My reason for being out here in the first place is the research project I’ve been working on, with my adviser and another professor, for the last several months. Since we’re making a prediction for the LHC’s proton-ion collision run, which is going on now and ends next month, we have to rush to get some results and share them out to the physics community before the LHC experiments publish their data. So the professor I’m working with, who is spending a month at Berkeley, invited me out to work on the project and give a talk about it to the nuclear theory group at the lab. (My first invited talk, yay!) The talk itself went okay, not great, but that’s really my own fault because I had to stay awake the entire night before to work on it. Plus, the program that generated the results finished running about a half hour before I was scheduled to start speaking.
For the record, I suggest always preparing presentations ahead of time.
Besides the talk, though, it’s been a pretty great trip. I got to hang out with some college friends who I haven’t seen in too long (hi Alex, Sam, and Mia!).
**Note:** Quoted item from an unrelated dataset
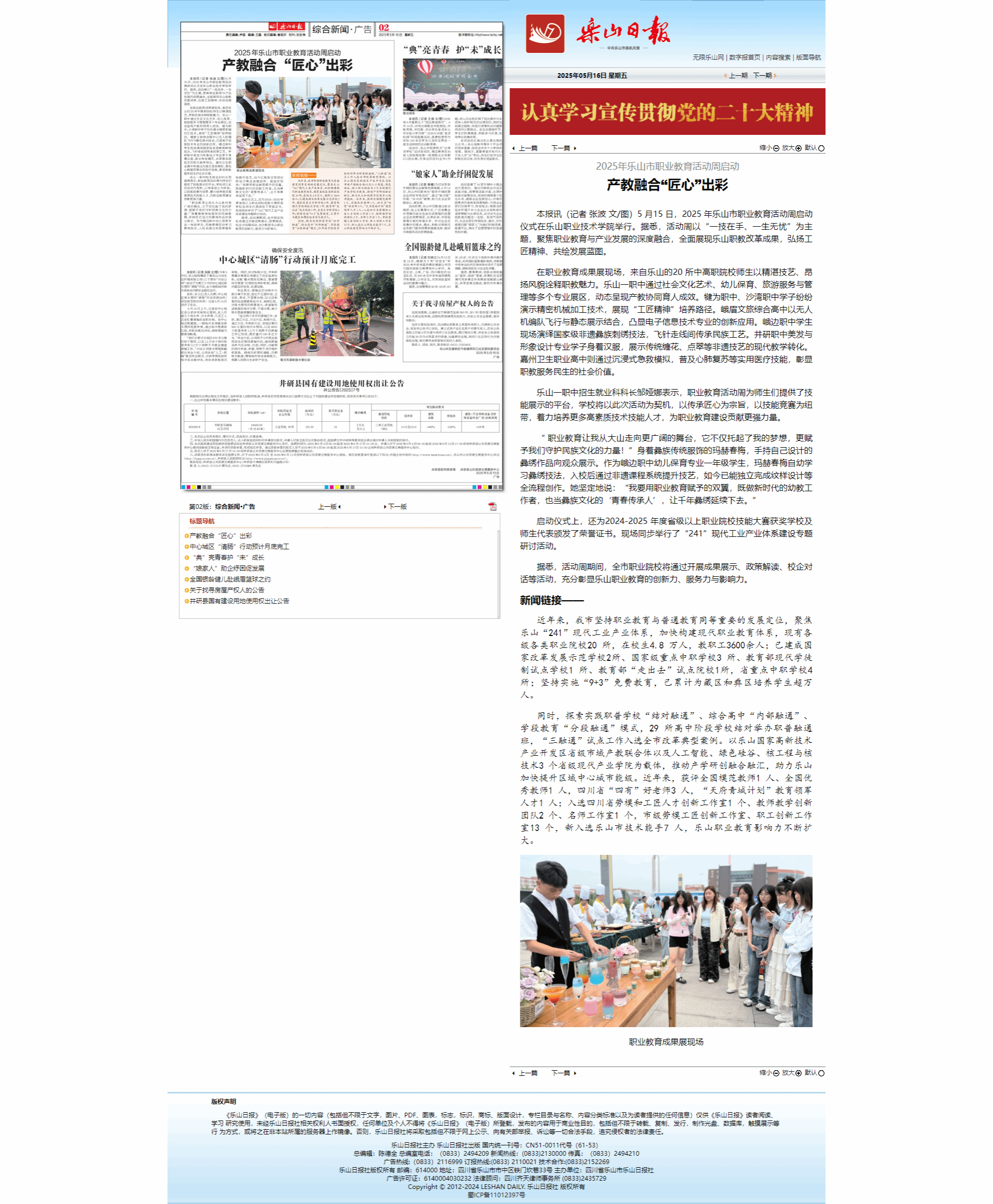 乐山日报:2025年乐山市职业教育活动周启动 产教融合“匠心”出彩

I also get to spend the week enjoying lovely views of the San Francisco Bay and surrounding area, thanks to the lab being about a thousand feet above the city. My room at the guest house (actually more of a hotel) even looks out on the city and SF Bay!
Even better, there’s a lot of physics history wrapped up in this town. The first cyclotron — a distant technological ancestor of the LHC — was built in Berkeley, and the precursor to LBL was at the forefront of experimental particle physics throughout the 1930s. The magnet from one of the early Berkeley cyclotrons is still around, on display outside the Lawrence Museum of Science. Unfortunately I only got out to see it at night, hence the low-quality picture at left… but still, pretty cool :-) Since then, LBL and UC Berkeley have remained heavily involved in nuclear and particle physics research. A staggering number of famous physicists (including many Nobel Prize winners) have passed through this lab over the past 80 years — maybe even through the same room I’m staying in now!
But all that is over now. I’m heading back home tomorrow, so no more mild California weather… but on the bright side, hopefully I can finish up this research project soon, and then back to regular physics blogging!